China's recent wave of domestic energy price increases is very positive both
for the nation's economy and for relations with the major net oil-importing
industrial economies. The latest, a 10 per cent retail price increase three
weeks ago for refined oil products, was the seventh since 2005, and came just
three weeks after I predicted such a rise in an article in China Daily.
The domestic price increases make China consume less energy than it would
without the price increases. In addition, they pay for alternative forms of
energy both renewable and environmentally friendly, and they make China's
economy efficient and stronger by prompting it to produce the same output from
less energy, and by enabling Chinese energy companies and investors to earn a
profit that gets efficiently reinvested in the economy. They also increase
China's national security by making China less dependent on imported oil than it
would be without the price increases.
Bringing oil prices inside China closer to the global market price aligns
Chinese strategic economic interests closer to those of major net oil-importing
industrial economies and distances them from net oil-exporting economies such as
Russia, where economic reform risks being postponed amid the euphoria of high
oil-and-gas export prices to Europe.
The most effective and fastest solution to high world oil prices is high
world oil prices. Following the two oil shocks of the 1970s, the world developed
and adopted less-energy-intensive technologies and developed and used cheaper
substitutes for expensive forms of energy.

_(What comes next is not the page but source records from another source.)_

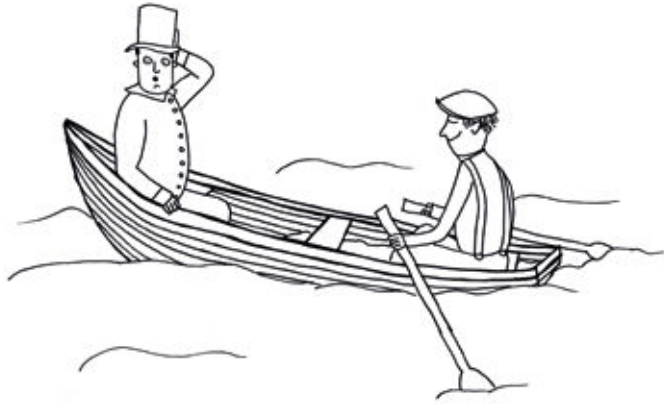
Teckning: Jessica Clegg

Fö ländj, ländj sä inå ä fanns någu brun a soldn va ä jänn karr så rudd fok milå Mora å Soldn fö je ålldär so liti betalningg. Jänn dag kam ä jänn fin karr å språkät släkså ärrskap bruka. Ann let så uvålin å frägät umm int dånn så rudd kund läråjt lite umm ulåjk dialåktår runtum Siljan.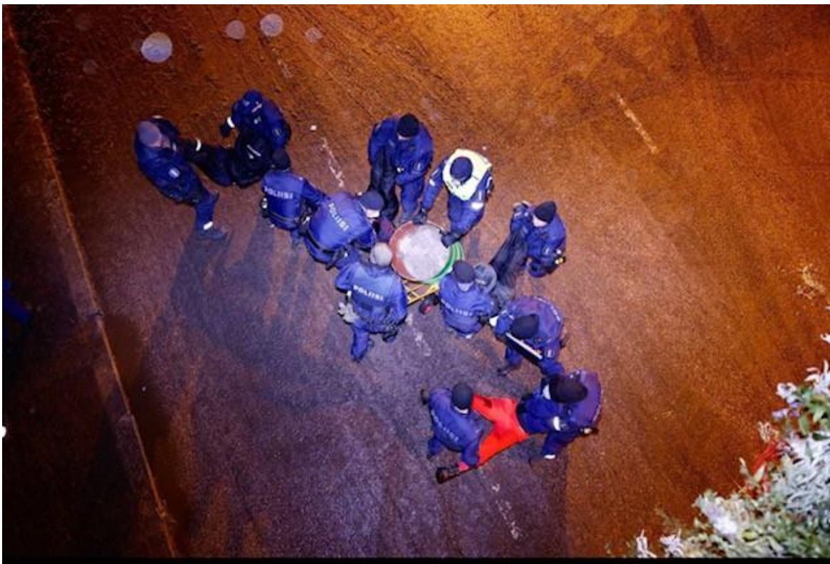
Kuva 3. Poliisit kantamassa mielenosoittajien muodostamaa ihmisketjua.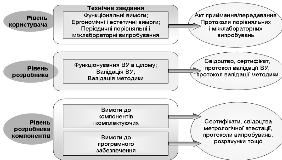
Рис. 2. Рівні верифікації ВУ і звітна документація

Верифікацію ВУ доцільно проводити на трьох рівнях: розробника компонентів і комплектуючих, розробника ВУ в цілому, користувача (рис. 2). На рисунку 2 наведено також примірний перелік документації за результатами верифікації.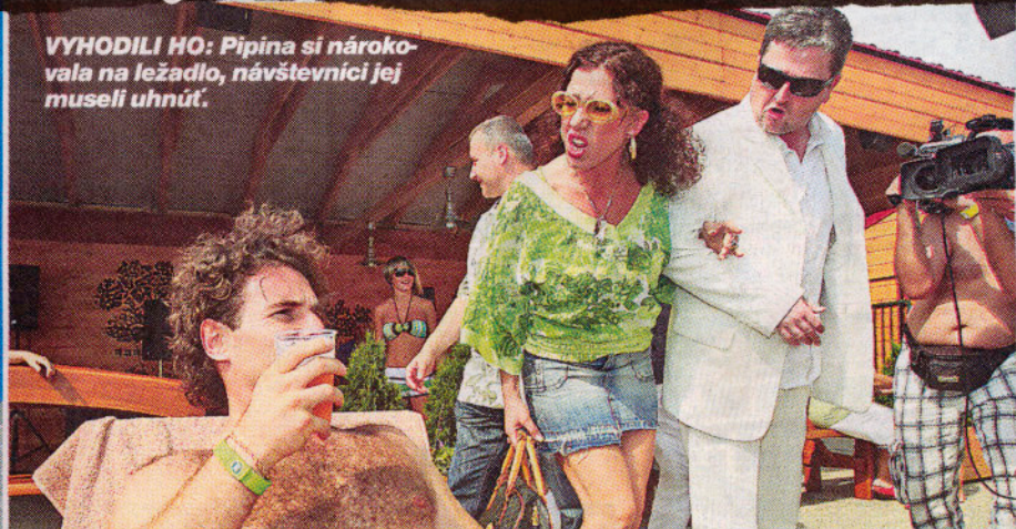
VYHODILI HO: Pipina si nárokovala na ležadlo, návštevníci jej museli uhnúť.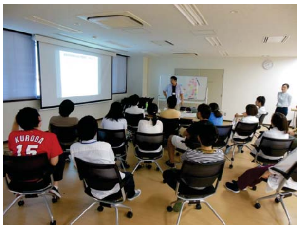
【グループ発表の様子】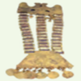
+ Adornos y joyas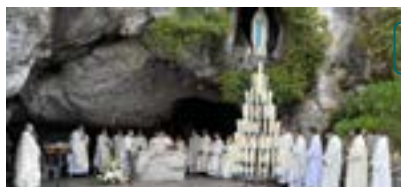
Messa alla grotta

The result was a permanent loss of
customers for oil producers and a 30-year decline in energy's percentage of GDP
that is continuing today.
The most effective way to "globalize" China's domestic energy prices is to
"marketize" them by finishing the job, started by China at the end of 2002, of
bringing the market economy to the energy sector. The strategic
national-defence-related aspects of energy and food do not exempt these two
sectors of the economy from the efficiency benefits of market competition and
capital allocation determined by the objective laws of supply-and-demand driven
Will high oil prices cause China's economic growth to slow? No, although it
is government policy to slow growth slightly to avoid overheating and inflation.

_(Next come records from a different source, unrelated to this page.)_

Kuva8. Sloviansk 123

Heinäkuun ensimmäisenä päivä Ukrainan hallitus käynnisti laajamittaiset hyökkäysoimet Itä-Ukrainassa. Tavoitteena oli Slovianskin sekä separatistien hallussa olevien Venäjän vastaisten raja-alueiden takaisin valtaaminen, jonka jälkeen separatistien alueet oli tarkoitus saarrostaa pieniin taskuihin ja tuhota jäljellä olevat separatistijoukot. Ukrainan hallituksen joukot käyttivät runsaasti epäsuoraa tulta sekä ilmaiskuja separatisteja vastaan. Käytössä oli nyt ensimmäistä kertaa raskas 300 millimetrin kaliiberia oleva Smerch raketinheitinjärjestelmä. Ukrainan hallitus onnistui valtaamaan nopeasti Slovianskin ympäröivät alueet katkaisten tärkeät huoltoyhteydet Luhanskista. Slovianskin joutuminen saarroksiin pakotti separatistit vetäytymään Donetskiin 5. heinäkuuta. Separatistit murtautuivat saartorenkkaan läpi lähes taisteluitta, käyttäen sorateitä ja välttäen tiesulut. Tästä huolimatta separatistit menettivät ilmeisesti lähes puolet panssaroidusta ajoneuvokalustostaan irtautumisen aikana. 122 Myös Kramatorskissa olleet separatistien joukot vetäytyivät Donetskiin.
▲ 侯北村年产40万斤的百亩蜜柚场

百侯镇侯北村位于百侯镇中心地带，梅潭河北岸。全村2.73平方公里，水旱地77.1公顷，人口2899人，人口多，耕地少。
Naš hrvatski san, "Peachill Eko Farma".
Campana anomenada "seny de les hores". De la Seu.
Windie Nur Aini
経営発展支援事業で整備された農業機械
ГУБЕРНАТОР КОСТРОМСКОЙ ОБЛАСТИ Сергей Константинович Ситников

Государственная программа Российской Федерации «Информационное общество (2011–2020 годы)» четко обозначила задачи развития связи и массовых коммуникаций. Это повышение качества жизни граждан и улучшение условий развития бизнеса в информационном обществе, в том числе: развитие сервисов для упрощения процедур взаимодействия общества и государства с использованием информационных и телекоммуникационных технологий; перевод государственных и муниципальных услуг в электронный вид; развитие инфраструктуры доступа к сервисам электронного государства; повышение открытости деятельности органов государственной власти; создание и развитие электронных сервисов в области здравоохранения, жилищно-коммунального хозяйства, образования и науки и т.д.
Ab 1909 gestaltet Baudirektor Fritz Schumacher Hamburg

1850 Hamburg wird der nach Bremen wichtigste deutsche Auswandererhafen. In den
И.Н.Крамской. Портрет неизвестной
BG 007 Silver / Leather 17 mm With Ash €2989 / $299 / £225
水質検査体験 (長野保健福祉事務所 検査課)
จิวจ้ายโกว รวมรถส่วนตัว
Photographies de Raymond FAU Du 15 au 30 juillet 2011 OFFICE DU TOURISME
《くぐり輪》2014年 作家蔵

Not unless the high oil prices are inflationary, in other words, not unless they
increase too fast the demand for money whose supply is controlled by the central
bank and is reflected in how low interest rates are. But China is capable of
further massive improvements in efficiency (think of the huge potential for
eventual large-scale industrial farming) that can more than make up for the
impact of any price increase on inflation.

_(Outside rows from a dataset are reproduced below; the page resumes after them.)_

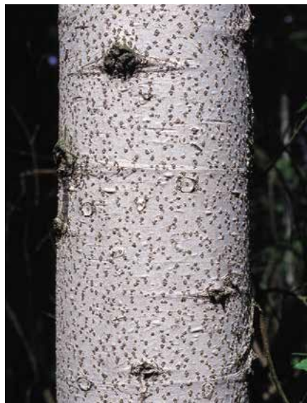
▲ Abies alba – detail kmene (K. Gregor)

Stálezelené, vysoké, kuželovité stromy, větve převážně v přeslenech odstávající. Borka starších stromů silná, u mladých jedinců většinou hladká, pupeny často pryskyřičnaté, kulaté, vejčité až vřetenovité. Jehlice obvykle rozčísnuté nebo kartáčovitě postavené, převážně ploché, tmně zelené, se stříbřitě bílými až namodralými proužky průduchů, někdy i na svrchní straně. Květy jednodomé. Samčí květy jednotlivě v paždí horních jehlic, samičí jednotlivě, vzpřímené, vejčité až válcovité, složené z četných plodových šupin. Šišky vzpřímené, vejčité podlouhlé až válcovité, po uzrání se až na vřeteno rozpadají. Semena křídlatá. Známé asi 40 druhů v severním mírném pásmu, dále v severní Africe a v Himálajích.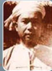
စဝ်စံထွန်း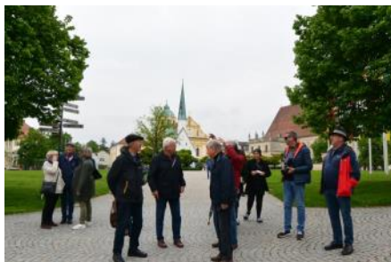
Wallfahrt Altötting, Burghausen, 16. Mai 2023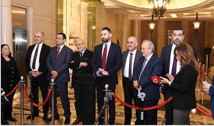
كتلة اللقاء الديمقراطي بعد اللقاء مع سلام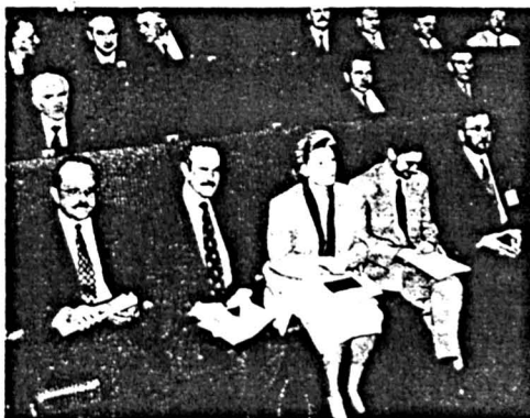
WALNE ZGROMADZENIE KIG - 8 wrzesień 1993 r.

WYDAWANE PRZEZ BIURO BIALSKOPODLASKIEJ IZBY GOSPODARCZEJ W BIAŁEJ PODLASKIEJ

Price increases can indicate excess demand that can be met by increased
productivity (the supply of goods) on the one hand, or by increased money supply
or higher interest rates on the other. The more price increases (demand for a
good) are met by increased productivity (supply of a good), the less impact the
price increase has on money demand reflected in higher interest rates or
increased money supply (possible inflation in terms of an excessive money-supply
growth rate). Accordingly, companies have two ways to face cost increases raise
prices to customers (and risk inflation) or increase efficiency and
The more companies can pass through cost increases by raising prices, the
greater the risk of inflation. The more companies can offset cost increases by
increasing the amount of output per unit of higher-cost input, the less likely
inflation is. The United States has avoided the inflationary impact of energy
price increases because consumers have been able to resist price increases
thanks to the huge productivity gains of the Internet economy and price
competition unleashed by deregulation.
China has huge still-untapped productivity improvement potential far more
basic than the benefits of the Internet economy. These should enable China to
experience non-inflationary domestic price increases, while rising income from
the growing economy enables consumers to pay higher prices and still consume and
China needs to allow non-inflationary domestic price increases in order to
avoid an appreciation of the RMB, which would slow China's economy. Domestic
price increases depreciate the RMB. They neutralize current upward pressure on
the RMB's exchange value. Upward pressure on the RMB's exchange value makes its
purchasing power stronger than other currencies' due to the comparatively low
prices for goods in China. To maintain the policy of a fixed RMB exchange rate,
prices inside China must be allowed to increase in a non-inflationary way to
achieve "purchasing power parity" with other currencies.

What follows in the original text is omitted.